### [PROVIDED DATA]
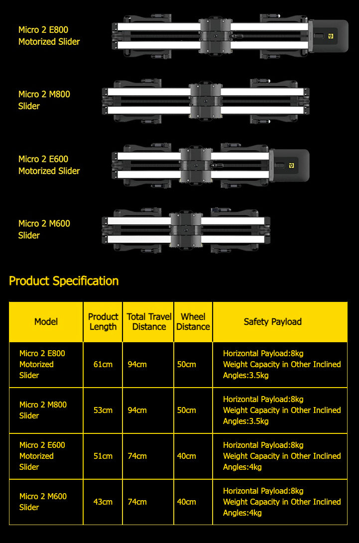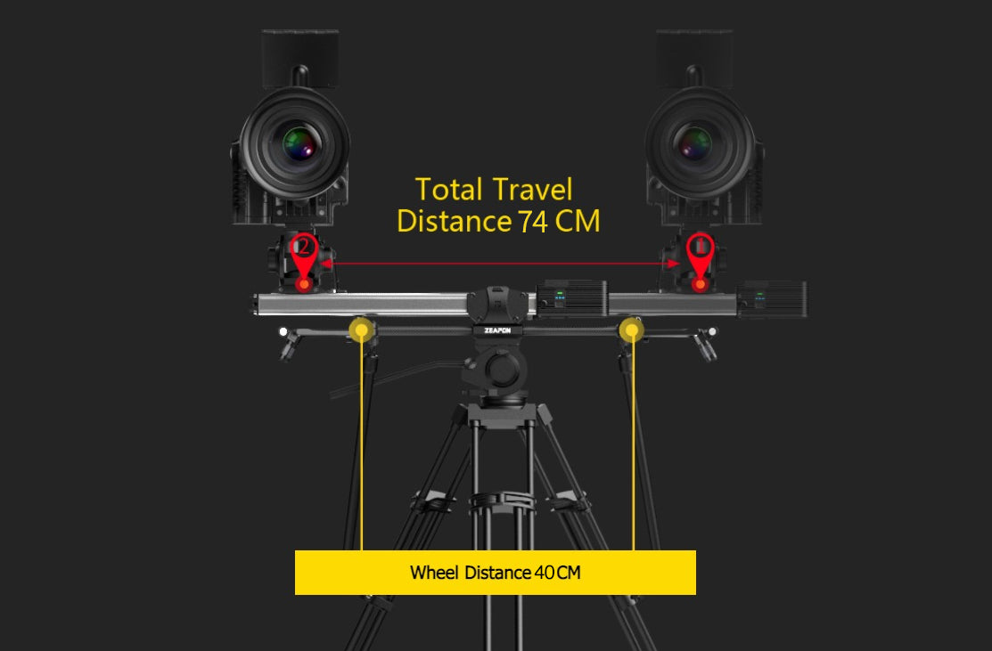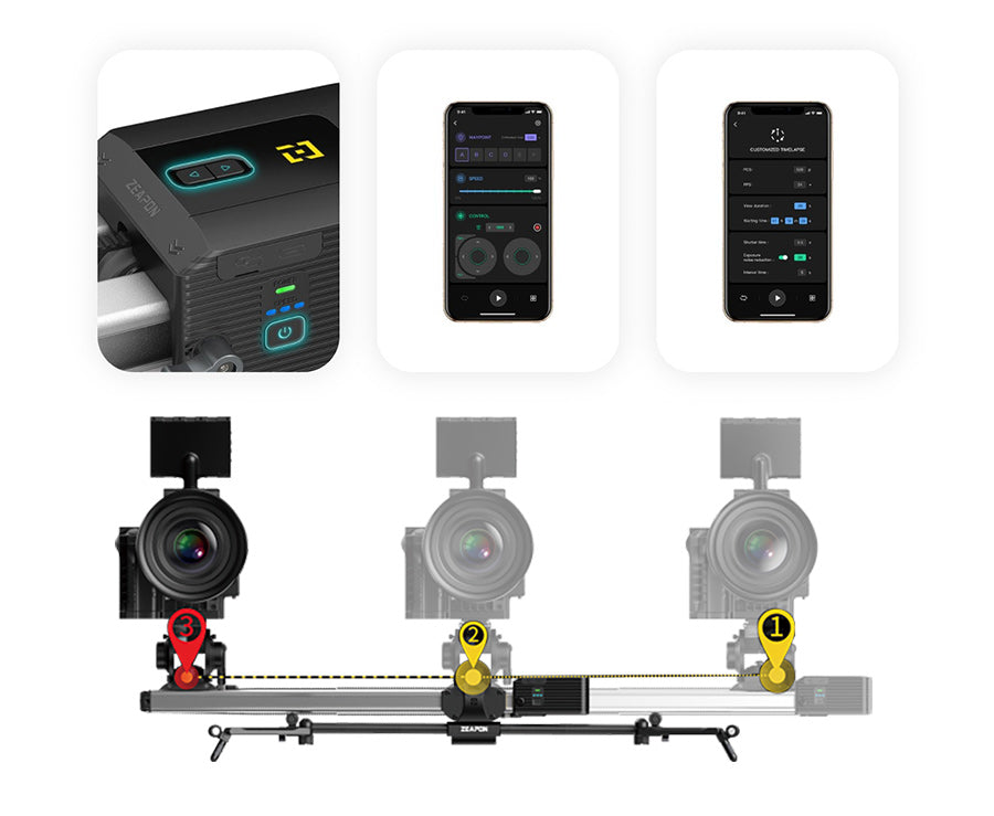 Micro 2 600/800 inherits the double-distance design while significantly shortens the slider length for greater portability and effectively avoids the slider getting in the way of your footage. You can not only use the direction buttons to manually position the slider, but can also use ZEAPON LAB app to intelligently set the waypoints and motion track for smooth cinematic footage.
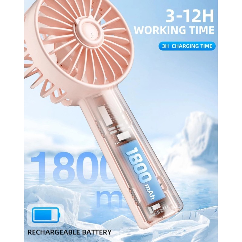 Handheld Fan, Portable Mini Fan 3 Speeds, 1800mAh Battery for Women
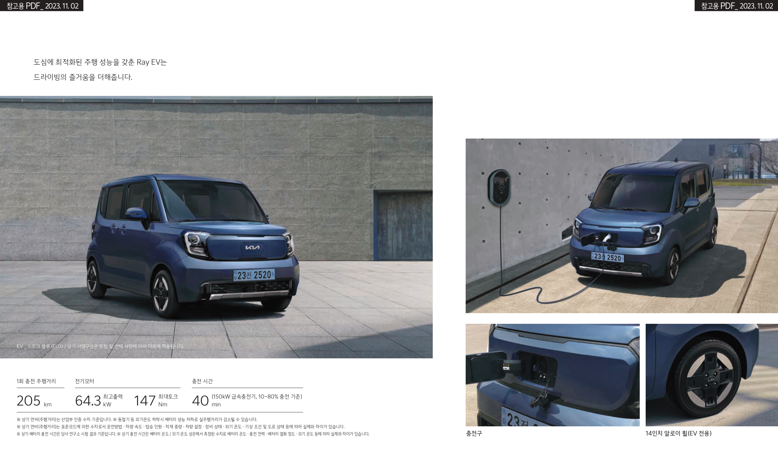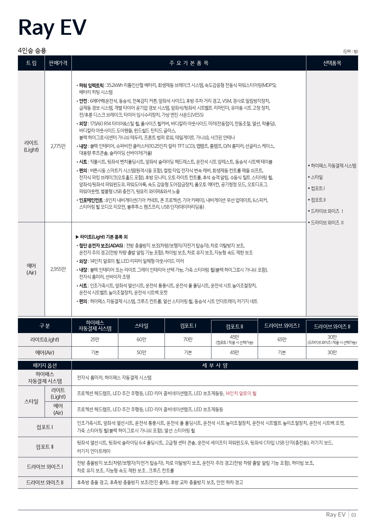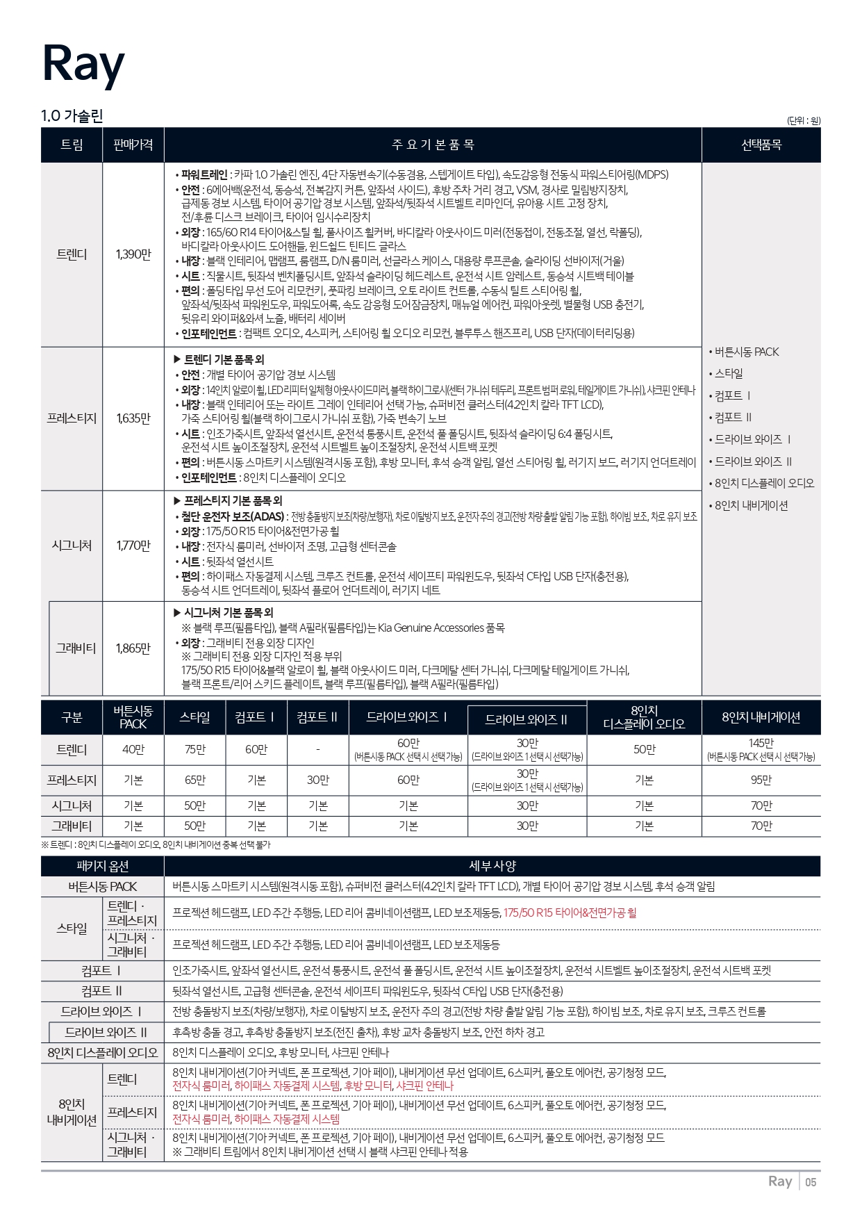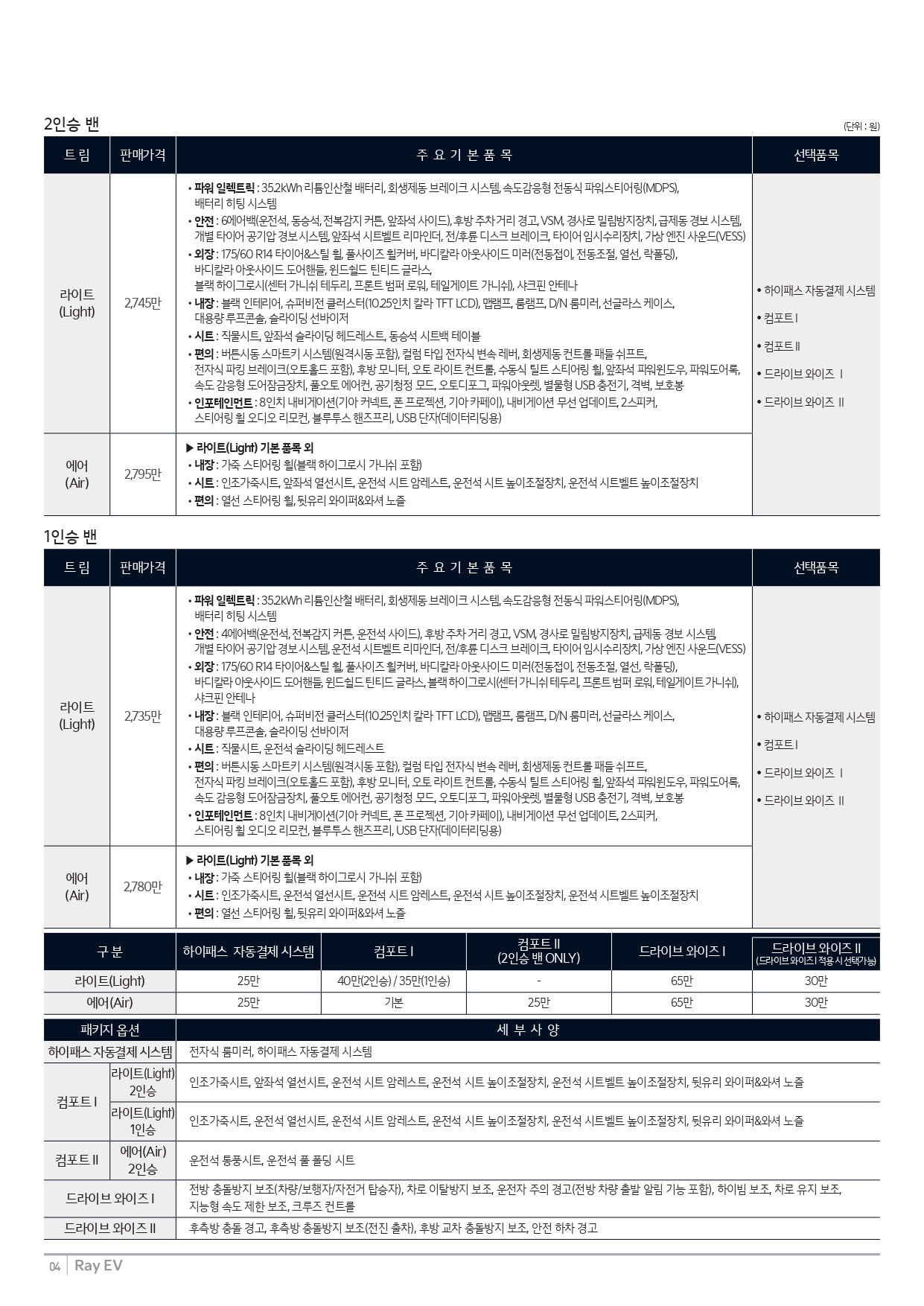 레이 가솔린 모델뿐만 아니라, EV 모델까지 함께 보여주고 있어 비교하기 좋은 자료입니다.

### [TASK ITEM]
Type out the data above again exactly as written, minus the images.

### [OUTPUT OF THE TASK]
 Micro 2 600/800 inherits the double-distance design while significantly shortens the slider length for greater portability and effectively avoids the slider getting in the way of your footage. You can not only use the direction buttons to manually position the slider, but can also use ZEAPON LAB app to intelligently set the waypoints and motion track for smooth cinematic footage.
 Handheld Fan, Portable Mini Fan 3 Speeds, 1800mAh Battery for Women
 레이 가솔린 모델뿐만 아니라, EV 모델까지 함께 보여주고 있어 비교하기 좋은 자료입니다.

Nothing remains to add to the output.